* _REQUIREMENT_: Write out the following listing's lines from the one with "Track your health" to the one with "입력값은 인간과 물체의", exactly, with both included and no others.

* _SUPPLIED DATA_:
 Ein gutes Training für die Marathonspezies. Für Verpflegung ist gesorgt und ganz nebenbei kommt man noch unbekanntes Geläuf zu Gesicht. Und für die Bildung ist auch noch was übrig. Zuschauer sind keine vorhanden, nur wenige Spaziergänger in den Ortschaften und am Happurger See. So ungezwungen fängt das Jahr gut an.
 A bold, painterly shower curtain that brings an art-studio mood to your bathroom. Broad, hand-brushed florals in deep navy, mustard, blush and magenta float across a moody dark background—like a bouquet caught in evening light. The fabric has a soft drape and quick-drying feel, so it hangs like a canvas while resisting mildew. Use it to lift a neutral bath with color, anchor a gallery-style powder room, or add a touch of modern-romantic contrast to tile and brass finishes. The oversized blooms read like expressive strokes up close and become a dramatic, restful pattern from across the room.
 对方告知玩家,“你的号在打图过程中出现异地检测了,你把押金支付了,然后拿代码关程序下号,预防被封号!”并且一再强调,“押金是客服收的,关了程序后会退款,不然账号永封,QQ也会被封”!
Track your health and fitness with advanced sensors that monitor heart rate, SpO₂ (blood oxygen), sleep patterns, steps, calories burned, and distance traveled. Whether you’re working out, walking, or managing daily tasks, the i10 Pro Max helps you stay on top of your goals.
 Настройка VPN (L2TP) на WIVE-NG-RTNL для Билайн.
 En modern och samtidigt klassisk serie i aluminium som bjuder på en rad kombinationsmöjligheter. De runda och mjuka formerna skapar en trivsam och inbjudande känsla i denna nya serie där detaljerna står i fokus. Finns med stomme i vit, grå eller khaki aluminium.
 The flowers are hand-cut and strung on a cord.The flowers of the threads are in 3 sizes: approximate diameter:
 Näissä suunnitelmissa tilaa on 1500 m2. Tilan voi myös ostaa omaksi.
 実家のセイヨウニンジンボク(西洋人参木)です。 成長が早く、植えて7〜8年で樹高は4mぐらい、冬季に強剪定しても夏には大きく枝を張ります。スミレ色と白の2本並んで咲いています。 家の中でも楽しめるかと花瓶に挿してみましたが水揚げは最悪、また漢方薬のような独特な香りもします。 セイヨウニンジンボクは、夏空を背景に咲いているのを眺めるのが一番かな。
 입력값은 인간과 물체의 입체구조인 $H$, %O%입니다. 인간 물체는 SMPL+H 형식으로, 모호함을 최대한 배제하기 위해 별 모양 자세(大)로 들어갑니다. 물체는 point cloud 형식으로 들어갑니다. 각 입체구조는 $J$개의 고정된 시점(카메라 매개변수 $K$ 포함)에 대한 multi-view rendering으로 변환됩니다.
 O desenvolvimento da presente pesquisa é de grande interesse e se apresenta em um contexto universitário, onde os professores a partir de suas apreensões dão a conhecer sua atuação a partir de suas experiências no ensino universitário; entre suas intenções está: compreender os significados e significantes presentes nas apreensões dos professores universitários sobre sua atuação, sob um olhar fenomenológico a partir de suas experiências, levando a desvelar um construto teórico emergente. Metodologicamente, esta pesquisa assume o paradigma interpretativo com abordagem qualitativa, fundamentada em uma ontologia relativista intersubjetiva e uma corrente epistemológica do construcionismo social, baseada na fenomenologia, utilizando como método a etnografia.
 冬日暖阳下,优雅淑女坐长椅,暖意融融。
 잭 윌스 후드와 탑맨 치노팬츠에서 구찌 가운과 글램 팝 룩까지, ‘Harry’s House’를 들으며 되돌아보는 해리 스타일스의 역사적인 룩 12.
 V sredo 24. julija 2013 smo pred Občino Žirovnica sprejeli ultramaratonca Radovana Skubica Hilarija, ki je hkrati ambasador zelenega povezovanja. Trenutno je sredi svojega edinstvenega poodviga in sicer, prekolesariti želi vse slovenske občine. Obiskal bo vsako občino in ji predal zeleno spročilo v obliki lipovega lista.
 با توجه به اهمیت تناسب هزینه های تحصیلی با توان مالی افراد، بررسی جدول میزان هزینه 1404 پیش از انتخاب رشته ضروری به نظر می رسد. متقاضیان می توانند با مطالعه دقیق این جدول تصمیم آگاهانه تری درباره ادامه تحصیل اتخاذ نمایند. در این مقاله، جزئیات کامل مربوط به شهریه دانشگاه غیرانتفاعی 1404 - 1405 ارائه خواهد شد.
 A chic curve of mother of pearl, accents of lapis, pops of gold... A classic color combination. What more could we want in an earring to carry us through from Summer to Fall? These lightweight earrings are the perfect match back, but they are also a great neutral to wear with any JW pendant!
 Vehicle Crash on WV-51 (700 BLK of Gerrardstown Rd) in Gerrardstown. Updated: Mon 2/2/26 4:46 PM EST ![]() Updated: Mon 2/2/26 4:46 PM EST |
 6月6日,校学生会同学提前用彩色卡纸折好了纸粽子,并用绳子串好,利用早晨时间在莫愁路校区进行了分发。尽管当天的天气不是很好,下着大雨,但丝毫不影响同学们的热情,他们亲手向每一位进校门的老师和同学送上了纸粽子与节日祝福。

* _ANSWER TO THIS PROBLEM_:
Track your health and fitness with advanced sensors that monitor heart rate, SpO₂ (blood oxygen), sleep patterns, steps, calories burned, and distance traveled. Whether you’re working out, walking, or managing daily tasks, the i10 Pro Max helps you stay on top of your goals.
 Настройка VPN (L2TP) на WIVE-NG-RTNL для Билайн.
 En modern och samtidigt klassisk serie i aluminium som bjuder på en rad kombinationsmöjligheter. De runda och mjuka formerna skapar en trivsam och inbjudande känsla i denna nya serie där detaljerna står i fokus. Finns med stomme i vit, grå eller khaki aluminium.
 The flowers are hand-cut and strung on a cord.The flowers of the threads are in 3 sizes: approximate diameter:
 Näissä suunnitelmissa tilaa on 1500 m2. Tilan voi myös ostaa omaksi.
 実家のセイヨウニンジンボク(西洋人参木)です。 成長が早く、植えて7〜8年で樹高は4mぐらい、冬季に強剪定しても夏には大きく枝を張ります。スミレ色と白の2本並んで咲いています。 家の中でも楽しめるかと花瓶に挿してみましたが水揚げは最悪、また漢方薬のような独特な香りもします。 セイヨウニンジンボクは、夏空を背景に咲いているのを眺めるのが一番かな。
 입력값은 인간과 물체의 입체구조인 $H$, %O%입니다. 인간 물체는 SMPL+H 형식으로, 모호함을 최대한 배제하기 위해 별 모양 자세(大)로 들어갑니다. 물체는 point cloud 형식으로 들어갑니다. 각 입체구조는 $J$개의 고정된 시점(카메라 매개변수 $K$ 포함)에 대한 multi-view rendering으로 변환됩니다.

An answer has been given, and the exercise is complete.